Письмо в незапечатанном конверте кто-то положил в общую стопку ежедневной почты. Распутинское предсмертное послание подложил ему, безусловно, кто-то из ближнего круга. Николай был уверен, что Вырубова. Именно в эти дни она бывала во дворце, правда, скоро и уходила после короткой встречи с императрицей. Николай столкнулся с ней на пороге спальни императрицы: Александра уже вторую неделю лежала в постели: нынешний приступ радикулита был самым тяжелым за всю жизнь. Даже легкий кашель отдавался в позвоночнике и по всему телу невыносимой болью. Она не жаловалась и молча страдала. Боткин и Федоров помочь ей не могли. Самые дорогие патентованные лекарства, которые они выписывали из Германии и Франции, уменьшали боль на какие-то два-три часа, а потом мучения возобновлялись с новой силой. И в глазах жены Николай каждый день читал немой упрек. Распутин наверняка поставил бы императрицу на ноги или, по крайней мере, уменьшил ее страдания. Но во дворец ему хода нет. И Николай решение свое изменить не мог, потому что знал: уже в тот же день весь Петроград станет обливать его и Александру помоями.
В первую минуту он Вырубову не узнал. Она чудовищно потучнела и постарела. Волосы были усыпаны пеплом седины, под глазами – круги, и не синие, а почти черные. Вырубова еле передвигалась, с трудом волоча ногу, раздробленную в железнодорожной катастрофе.

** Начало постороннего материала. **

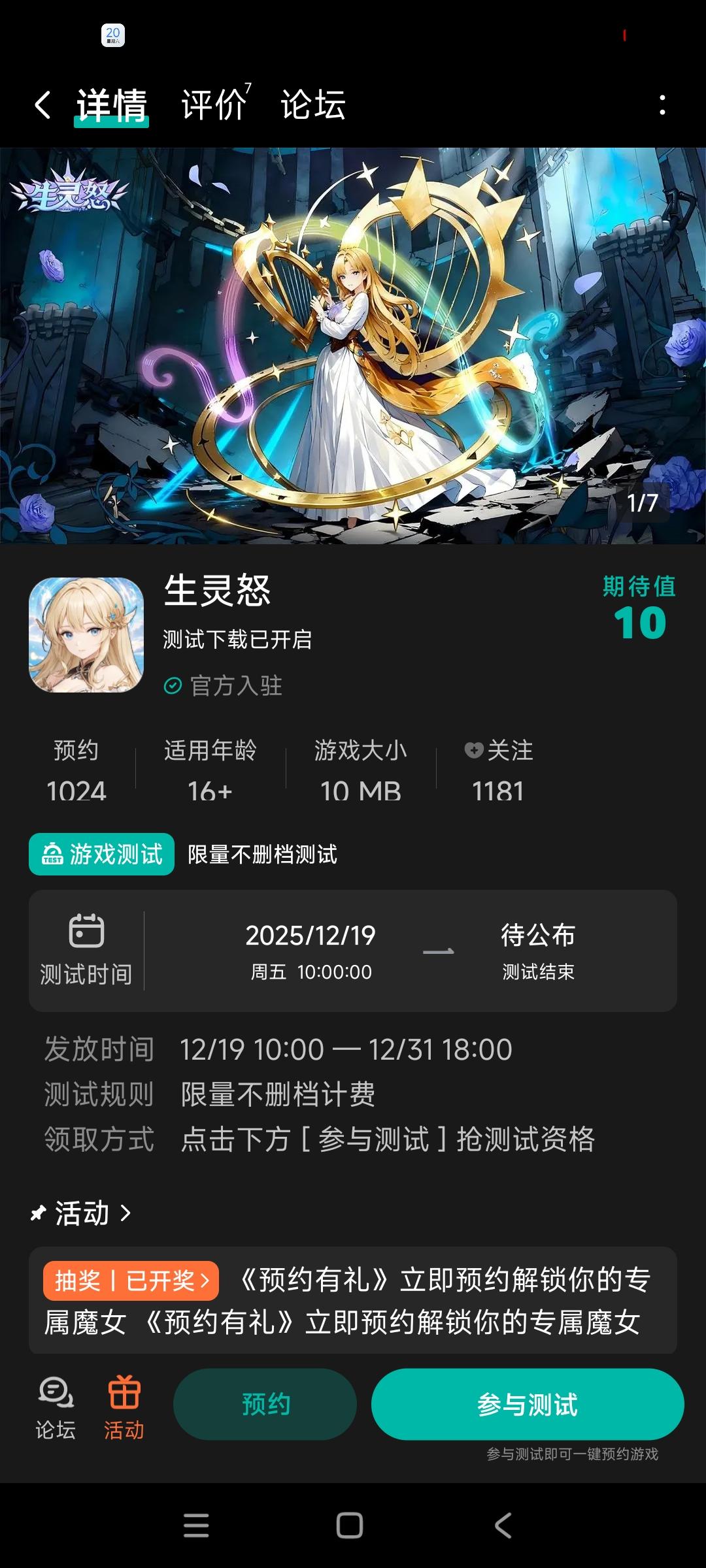 《生灵怒》不删档测试定档12月19日!极致唯美画风,百位唯美女神等待邂逅。2025年12月19日,《生灵怒》不删档测试开启!在休闲放置中体验策略与养成的纯粹乐趣。从最初的概念构思,到一次次的美术迭代、玩法调优、BUG 修复,我们始终以 “打造一款让玩家真正喜爱的魔女冒险手游” 为初心,认真对待每一个细节。如今,《生灵怒》 终于迎来了和大家正式见面的时刻,这份激动与喜悦,想与每一位陪伴我们的你
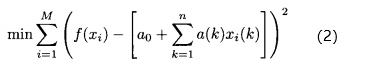 的第k个元素。欲求出让(2)式最小的(n+1)个参数a(k),k属于[0,n],可以用迭代最小二乘法,当得到更多适应度值(M=1,2,以此类推)时更新(2)式的解所需的计算量很少。
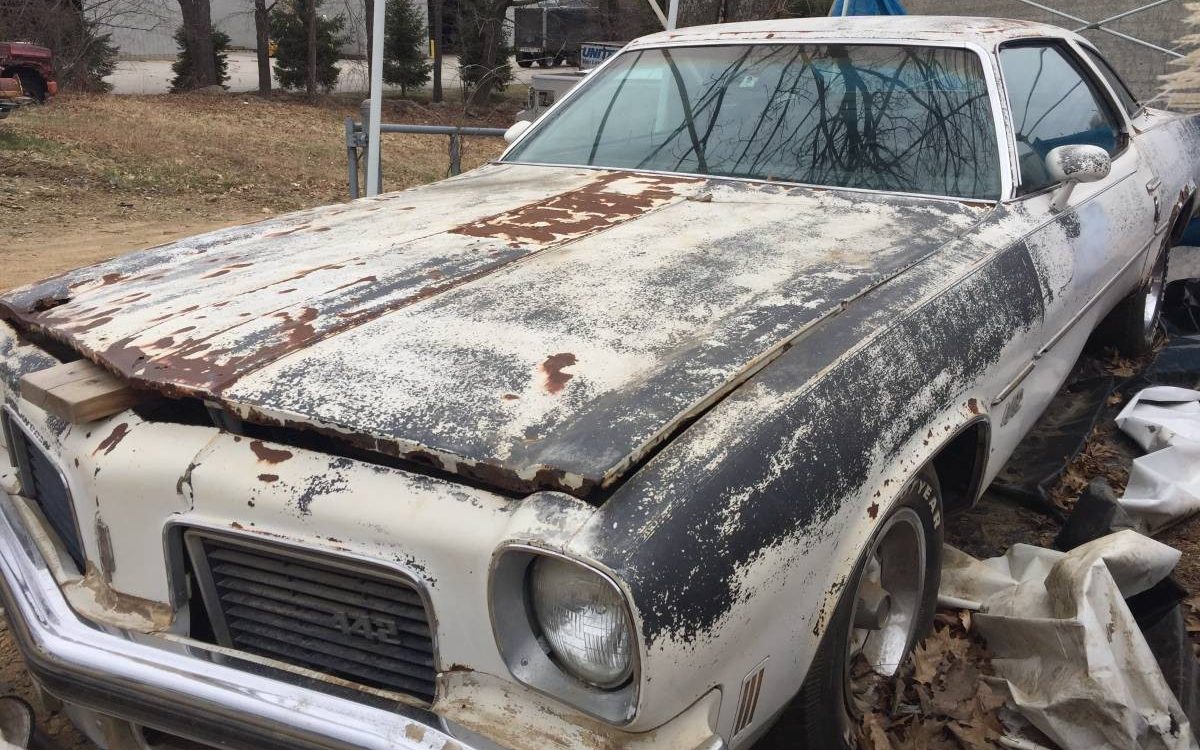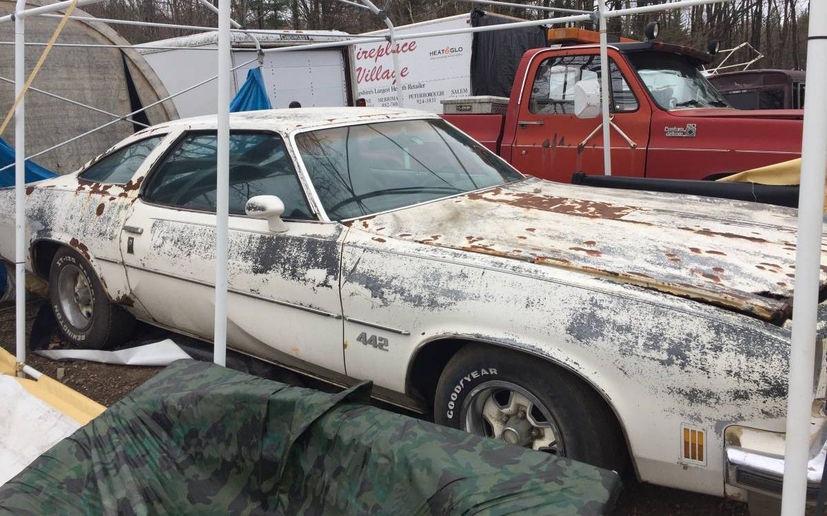 This 1974 Oldsmobile 442 was found in a New Hampshire barn. While it isn’t clear how long it spent there, it really looks like that time in the barn has not been kind to the car. It will be interesting to see what our readers think of this one and whether any of you would be willing to take it on. Barn Finder Dan V referred the Olds to us, so thank you for that Dan. The 442 is located in Brentwood, New Hampshire, and is listed for sale here on craigslist. The asking price for the car has been set at $6,500, and apart from the overall condition of the car, the other bad news is the fact that the title has been listed as missing.
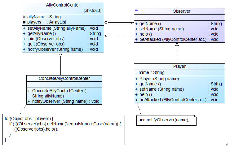 AllyControlCenter充当目标类,ConcreteAllyControlCenter充当具体目标类,Observer充当抽象观察者,Player充当具体观察者。完整代码如下所示:
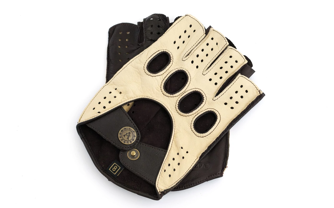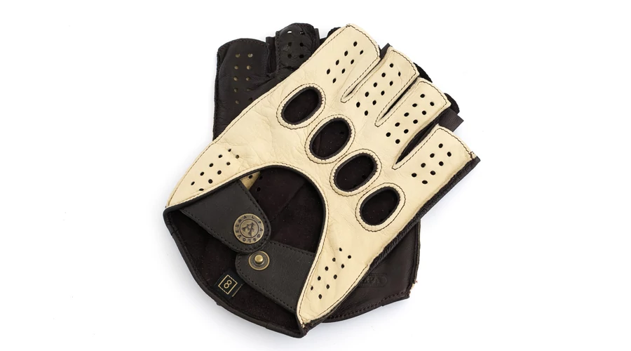 DETAILS: Alpa Gloves dome stud fastener, burned-in logo at the cuff, knuckle holes, perforated detailing
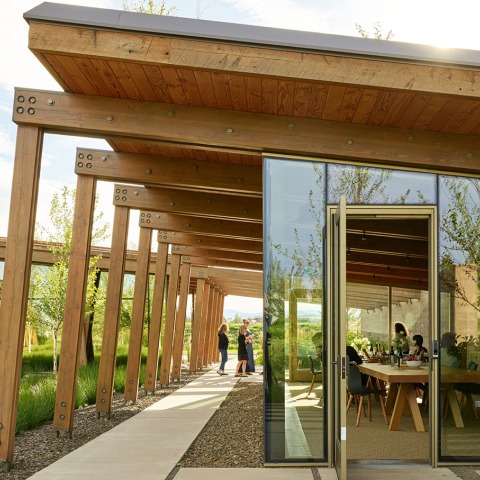 Las vistas en todo el complejo de treinta acres están controladas, ya sea al patio, a las colinas lejanas o a las vistas poco profundas de las oficinas privadas creadas entre el edificio y las bermas. Todo está pensado para crear un entorno tranquilo en el que trabajar.
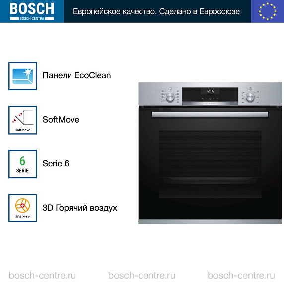 Духовой шкаф Bosch HBG517ES1R электрический, шириной 59.4 см, нержавеющая сталь, традиционная очистка
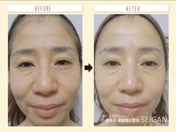 ご丁寧な感想を有難く拝見しました。お肌はとてもなめらかで、きちんとしたケアをしていけば早い段階でお悩みは改善していくのでは?と思いました。頬の高さが変わり、1回でもずいぶんお若くなられた印象でした。
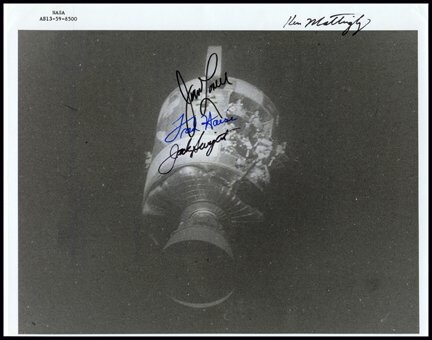 Apollo 16 Lot of 3 NASA Signed Photos, Including 2 MoonwalkersFeb 18, 2026Alan Shepard Pair of Signed NASA Official Photos, Mercury & Apollo 14Feb 18, 2026Pair of Apollo 12 Crew-Signed Photos: Crescent Earth NASA Red No. Photo & Lunar Lander on EarthFeb 18, 2026Pair of Apollo 12 Signed Photos: Flag on Moon NASA Red No. Photo & Lunar Lander on EarthFeb 18, 2026Apollo 13 "Damaged Service Module" Signed PhotographFeb 14, 2026Apollo 12 Crew Signed NASA Numbered PhotographFeb 14, 2026Apollo 13 Lunar Module "Aquarius" Fred Haise Signed PhotographFeb 14, 2026Apollo 14 Prime Crew-Signed Photo, Eighth Manned Apollo MissionFeb 18, 2026Apollo 13 Fred Haise Signed Launch PhotographFeb 14, 2026Skylab 2/3 Crew Signed NASA Red Numbered PhotographFeb 14, 2026Astronaut James Lovell Signed PhotographFeb 14, 2026Fred Haise Collection of (3) Signed Photographs & Signed First Day CoverFeb 18, 2026Vintage NASA Apollo 13 Emblem Haise & Swigert Signed PhotographFeb 14, 2026Apollo 14 NASA Numbered Astronaut Edgar Mitchell Signed PhotographFeb 14, 2026Apollo 14 NASA Numbered Astronaut Edgar Mitchell Signed PhotographFeb 14, 2026Gene Kranz Apollo 13 NASA Flight Director Signed PhotographFeb 14, 2026

– Аннушка! – произнес Николай.
Вырубова вздрогнула: она тоже сразу не узнала императора. Смутилась, покраснела, неловко сделала книксен и, не сказав ни слова, поковыляла дальше. Определенно, мыслями она была где-то бесконечно далеко, в каких-то других мирах. «Да, ведь и ее отец Григорий и вернул-то домой из тех самых миров, с того света. И точно так же позвал ее…» – вспомнил Николай, и сердце его внезапно пронзила короткая, перехватило дыхание, боль толчков отозвалась в пальцах левой руки – мизинце и безымянном. Приступ грудной жабы
[110]
длился всего пять-шесть секунд, но их оказалось достаточно, чтобы Николая охватил страх смерти, всегда сопровождающий такие приступы, лоб покрылся холодным потом.

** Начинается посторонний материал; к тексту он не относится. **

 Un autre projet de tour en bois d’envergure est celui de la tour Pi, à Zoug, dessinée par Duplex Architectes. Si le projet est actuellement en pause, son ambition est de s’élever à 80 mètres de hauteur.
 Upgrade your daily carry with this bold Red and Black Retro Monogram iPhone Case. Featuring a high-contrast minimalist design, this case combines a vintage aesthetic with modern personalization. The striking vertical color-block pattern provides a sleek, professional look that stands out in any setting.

…Тогда, после крушения Царскосельского поезда, Вырубову с большим трудом освободили из-под смятого вагона. Она и сама почти превратилась в кровавую лепешку с раздробленными костями. Распутин узнал о катастрофе и о несчастье с Вырубовой от графини Витте. Как раз днем раньше Николай получил от Джунковского доклад, в котором шеф жандармов сообщал о пьяном кутеже Распутина в ресторане «Яр», где старец, сняв штаны, шокировал певичек и всех желающих дам видом своих гениталий и разъяснял всем, в какой восторг он приводил этим орудием императрицу Александру и ее дочерей – иногда поодиночке, иногда нескольких сразу. Николай был так разгневан и потрясен, что ему сразу даже в голову не пришло проверить эту чудовищные сведения, хотя достаточно было запросить первоисточники.
В тот же вечер граф Фредерикс протелефонировал на Гороховую, 62, где квартировал Распутин. Сообщил царскую волю: отныне, от сего часа, старцу окончательно запрещено появляться. И вообще навсегда забыть о своих отношениях с венценосными супругами. Последнее пожелание Фредерикс прибавил от себя и услышал в телефонной трубке в ответ насмешливое хмыканье Распутина. «Ладно, старый! – заявил ему Григорий. – Сами придут…»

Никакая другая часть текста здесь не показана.